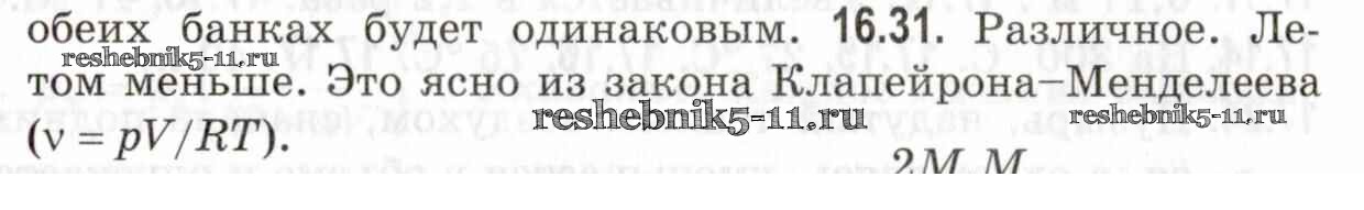Готовая домашняя работа с ответами по Физике за 10, 11 класс Кирик, Генденштейн, Гельфгат Задачник Профильный уровень Илекса 2020 - 16. Уравнение состояния идеального газа 16.31
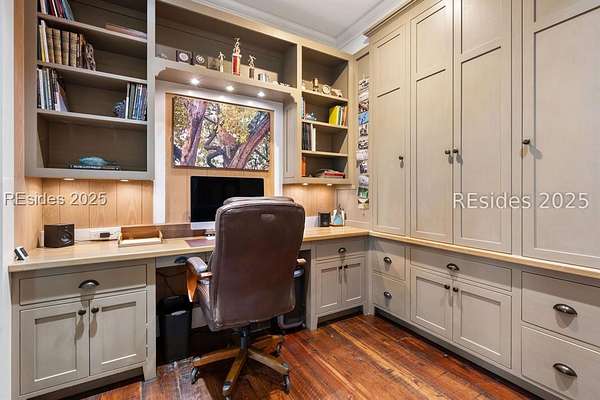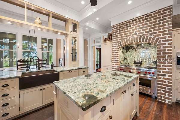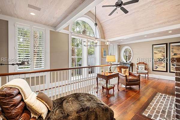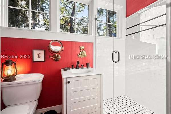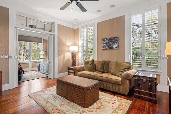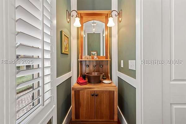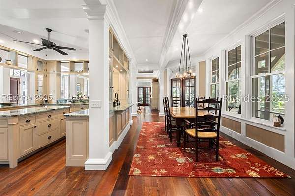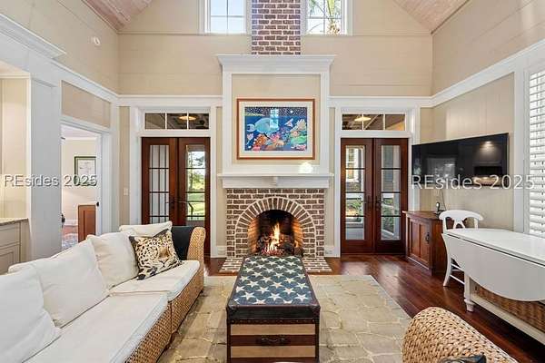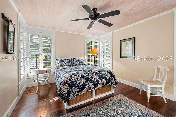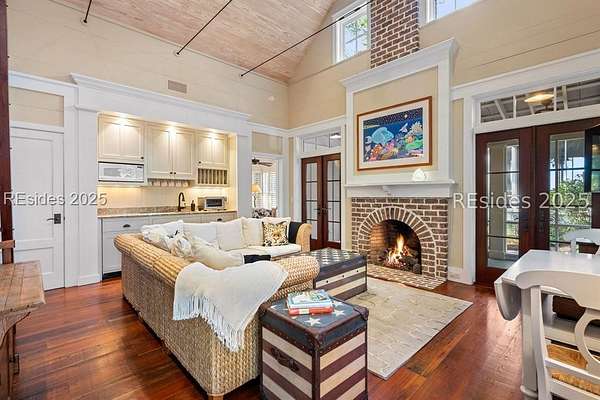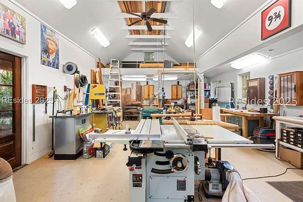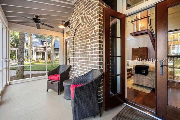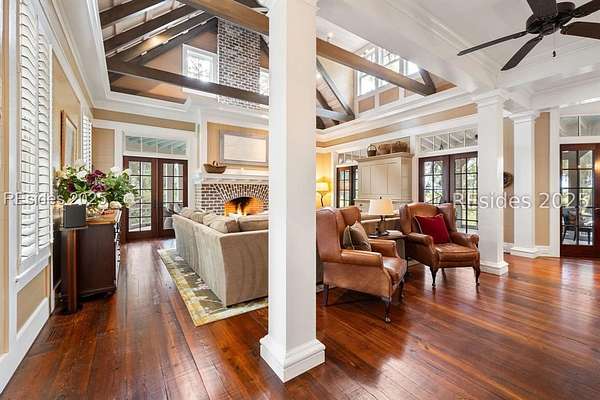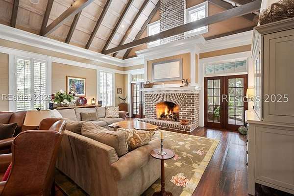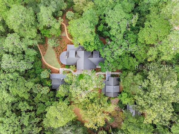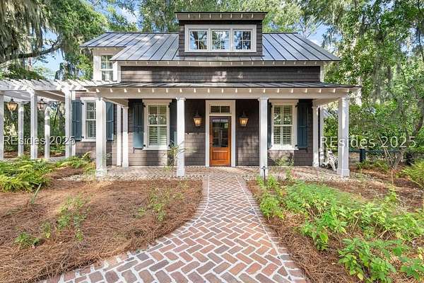 Exquisite sunsets over Callawassie Creek and the Colleton River provide a breathtaking backdrop for this rare Nantucket-style family compound on coveted Spring Island. Sited on 3.5+ acres, this 5,223 sq. ft., 5BR/5.5BA waterfront estate includes a private tidal dock with direct access to Callawassie Creek, the Colleton River, and the Atlantic Ocean. By boat, enjoy easy day trips to Hilton Head, Savannah, or Beaufort, or simply relax at home while fishing, crabbing, shrimping, or watching dolphins and Roseate Spoonbills from your backyard sanctuary. The 3,249 sq. ft. main residence (2BR/2.5BA) was designed for year-round living, showcasing an open floor plan, chef's kitchen, and porches that span the length of the home. The east wing features an apsidal screened porch with Savannah brick fireplace, ideal for Lowcountry outdoor living. The entire second floor is dedicated to a private owner's retreat, complete with sitting room and fireplace, screened porch, spa-like bath with freestanding tub and oversized shower, a large custom walk-in closet, and abundant finished storage. A 995 sq. ft. guest house (2BR/2BA) offers its own living room with fireplace, kitchenette with full-size appliances, washer/dryer, children's loft with built-in bunks, and screened porch overlooking the river. The detached two-car garage with golf cart bay includes a 482 sq. ft. carriage house, perfect for additional guest quarters, studio, or office along with a professional-grade darkroom. A freestanding 764 sq. ft. workshop provides a creative haven, currently outfitted as a professional woodworking studio with exceptional equipment (available separately), but equally suited as an artist's studio. Life on Spring Island is unlike anywhere else, with 3,000 acres of preserved natural beauty and premier amenities: an Arnold Palmer-designed golf course, equestrian center, tennis and pickleball, state-of-the-art fitness complex with heated and chilled saltwater pools, miles of scenic trails, a 7.5-acre farm, and an inspiring art barn. Blending timeless design, craftsmanship, and an extraordinary setting, this rare compound offers the ultimate in Lowcountry luxury, an unparalleled opportunity for multi-generational living on Spring Island.
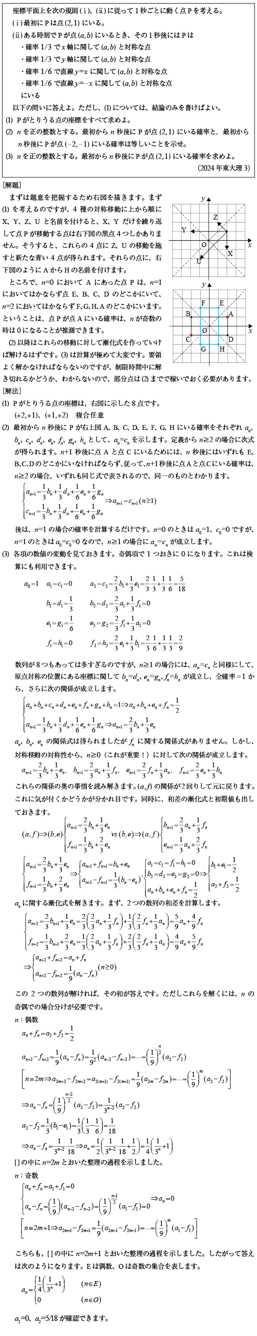 [C]座標上の対称移動に関する確率漸化式の問題(2024年東大理3)
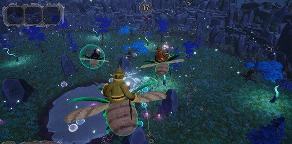 支持3v3团队对抗,玩家需通过“三步施法系统”组合法术——选择法术类型(攻击、召唤、防御)、元素属性及具体技能,例如用火元素释放范围爆炸,或用水元素召唤治疗屏障。超过35种独特法术的自由搭配,考验玩家对元素克制(如火克冰)和战场局势的判断。
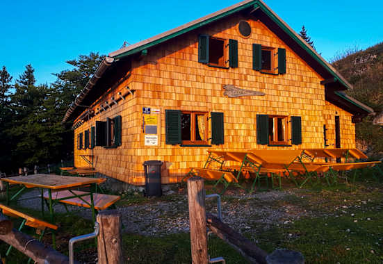 Die nächstgelegene Hütte ist die Halterhütte auf 1.450 m, die in 1 min Gehzeit zu erreichen ist. Weiters: Schneealpenhaus (1.788 m, 3:45 h).
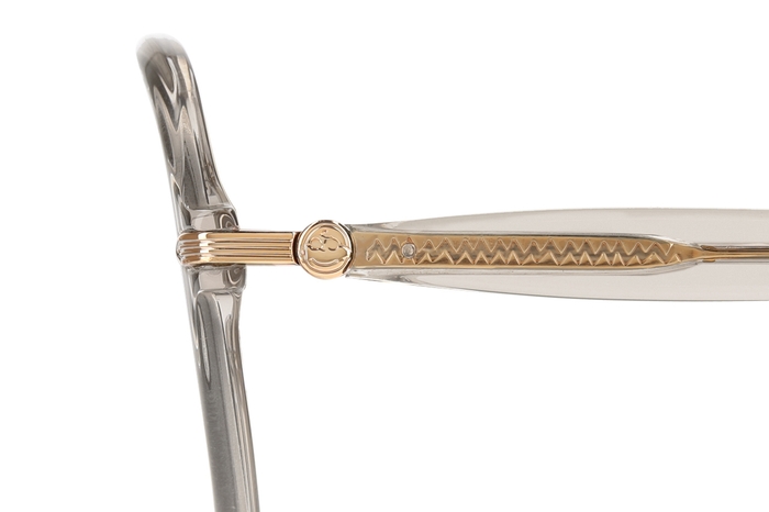 動きも表情も豊かなウッドストックが、テンプル(つる)に総柄でデザインされたウェリントンモデル。ペナントをかたどったメタルパーツもポイントです。

Task instructions: Copy out exactly, without any pictures, the lines above that begin at the one with "支持3v3团队对抗,玩家需通" and end at the last line of the listing.

Output below:
 支持3v3团队对抗,玩家需通过“三步施法系统”组合法术——选择法术类型(攻击、召唤、防御)、元素属性及具体技能,例如用火元素释放范围爆炸,或用水元素召唤治疗屏障。超过35种独特法术的自由搭配,考验玩家对元素克制(如火克冰)和战场局势的判断。
 Die nächstgelegene Hütte ist die Halterhütte auf 1.450 m, die in 1 min Gehzeit zu erreichen ist. Weiters: Schneealpenhaus (1.788 m, 3:45 h).
 動きも表情も豊かなウッドストックが、テンプル(つる)に総柄でデザインされたウェリントンモデル。ペナントをかたどったメタルパーツもポイントです。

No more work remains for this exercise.